Paranoia
- Vous avez des herbes de Provence ? demanda quelqu’un à côté de moi.
- Nous n’avons que des produits du pays !
« Voilà que nous aspirons à récupérer aussi la Provence, après la Galice ? », pensai-je, et mon doute fit un bond par-delà les Pyrénées.
- Je ne me souvenais pas que nous avions une frontière commune avec la France, dis-je, pour ne pas me montrer indifférent à un problème national.
- Et alors, bien sûr ! Il y a là-bas plus d’un million de nos compatriotes. S’ils se donnaient la main ils feraient le tour de la moitié de l’Europe…
- Voyons voir. Un million multiplié par un mètre soixante (en moyenne, à cause des enfants, les bébés ne comptent pas) cela fait un million soixante mille mètres. Non, ça ne suffit pas. Encore moins si c’est…

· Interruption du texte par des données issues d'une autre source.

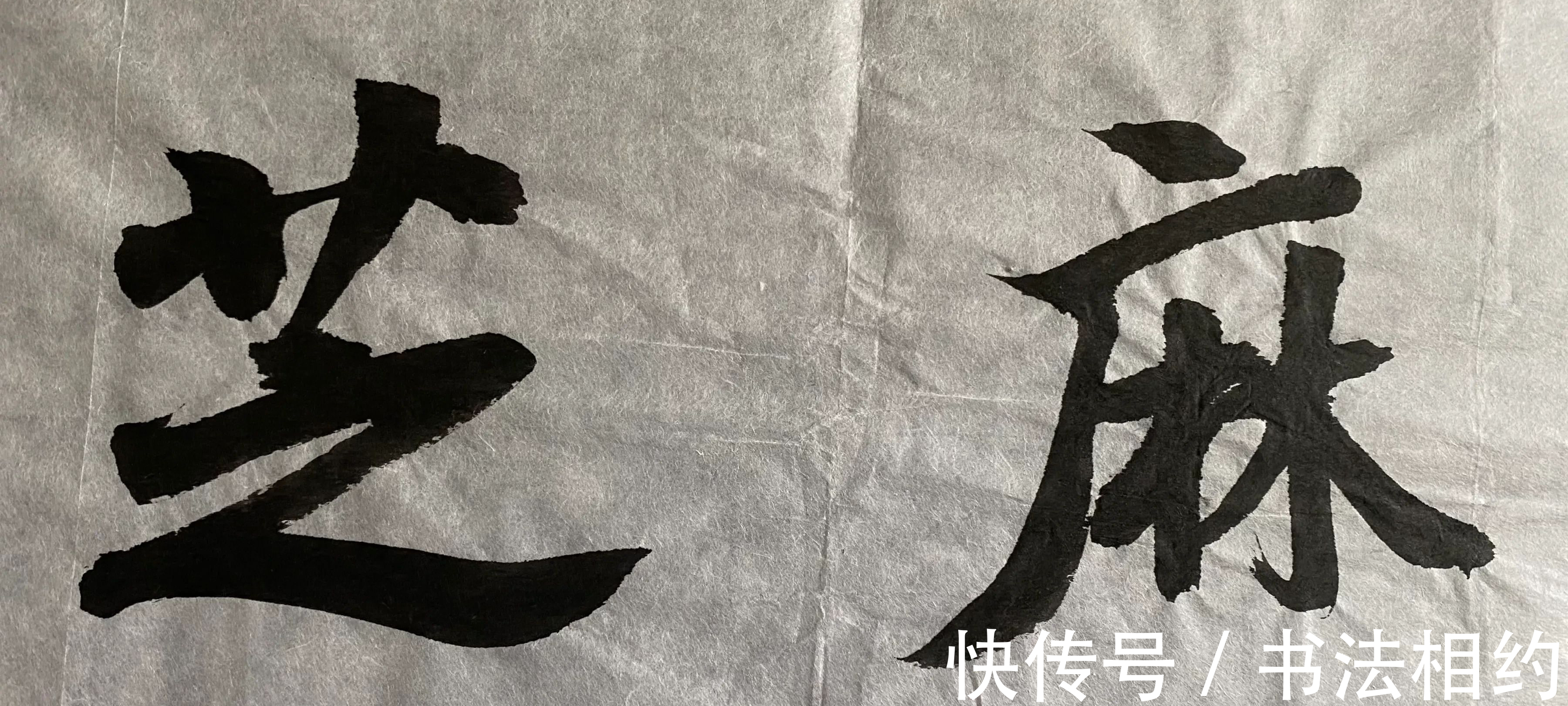 “芝”字点画少,但是却写出了飘逸之感,正是这种感觉,使得这个字才更加有“姿色”,造型别致,突出了结构之美的同时,也突出了造型之妙,有是草字头的横笔,两端浓重,中间纤细,写出了别致的感觉,而且下面的“之”,显得非常稳重,颇有“大王”范,而第二个字“麻”字的撇笔最有姿态,尤其是伸展得非常长,不仅舒展,而且颇有美感,牢牢地抱住里面的内容,“街”字虽然点画多,但是却没有累赘之感,而且让人感到更加亲切,而最后两个字在姿态上,形成了一种呼应的姿态,美感十足,从他所题写的这五个字上看,水平绝对非同一般。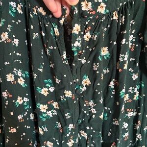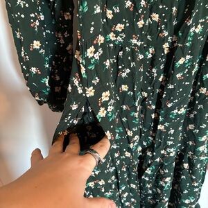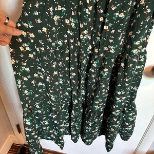 Old navy green floral medium long floral tiered maxi dress with button closure in front and has pockets

Mais à ce stade mon raisonnement s’interrompit. J’eus un sursaut de terreur : c’était une pensée nationale, qui n’en était pas moins provinciale. J’avais lu dans un livre comment dans l’ancien temps on conquérait des pays et des territoires étrangers en y semant des mauvaises herbes.
- Vous avez des mauvaises herbes ? demandai-je.
- Dans le magasin d’à côté, me répondit-on promptement.
Je sortis en direction de ce qui me semblait être à côté. C’était un magasin d’armes. Je comprenais : j’avais répondu au mot de passe sans le vouloir, et j’étais déjà impliqué dans une conspiration dont je n’avais pas la moindre idée.